Newt vs toad Benchmark

This benchmark validates Newt's AUC, KS, IV, and PSI implementations against toad using the bundled sample dataset at examples/data/test_data/all_data.pq.

For broader release-level context, see the project README.md.

What It Checks

AUC and KS on score_p and score_old_p
PSI for:
train -> test
train -> oot
the score columns above
all numeric features
IV for all candidate features
numeric columns are first aligned to fixed 10-quantile bins
categorical columns are compared directly

The benchmark also records median runtimes for:

Newt AUC and KS
Newt and toad PSI
Newt single-column IV
Newt batch IV with the Python engine
Newt batch IV with the Rust engine when available
toad's quality(..., iv_only=True) path

Run It

Run the benchmark from the benchmark environment:

python benchmarks/metric_vs_toad.py

Output

The command writes:

out/benchmarks/metric_vs_toad.json
out/benchmarks/metric_vs_toad.md

The JSON file contains the full machine-readable report. The Markdown file is a short human-readable summary.
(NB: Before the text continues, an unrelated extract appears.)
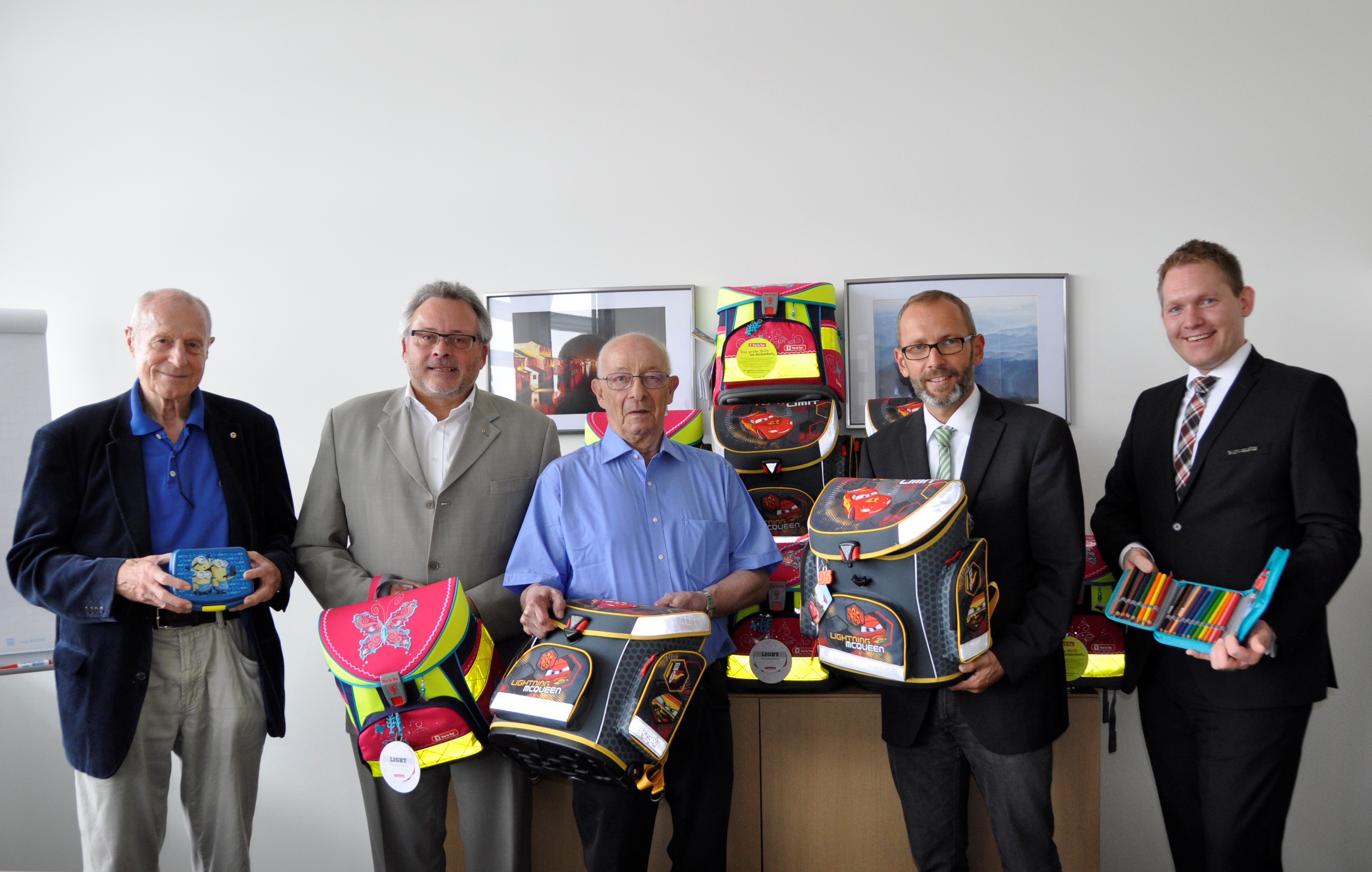 Dr. Adolf Staffe, Dr. Peter Timm-Arnold, Hubert Kober, Markus Märtens und Ralf Sturm (v.l.n.r.) präsentieren die Schulranzen und deren Inhalt.

Python and Dependency Notes

Newt core remains compatible with Python 3.8.5 through 3.12.x
The benchmark environment is .venv-benchmark-3.10
That environment includes toad==0.1.5 through the benchmark dependency group
The benchmark runs toad directly in the same environment; no worker venv or Python fallback is used

Current Comparison Policy

AUC and KS compare the public metric functions directly
PSI uses Newt's reference quantile bucket logic on both sides so the comparison measures the metric calculation, not bucket-definition drift
IV uses the same prepared feature frame for both libraries to avoid mixing metric differences with different default binning rules

Latest Verified Run

Latest benchmark run (generated on 2026-04-04T21:22:44) from .venv-benchmark-3.10:

IV mean absolute diff: 4.949931178722187e-16
IV max absolute diff: 1.4033219031261979e-13
userinfo_24 IV:
Newt: 1.727905
toad: 1.727905

This confirms the current IV implementation is aligned with toad on the prepared benchmark input.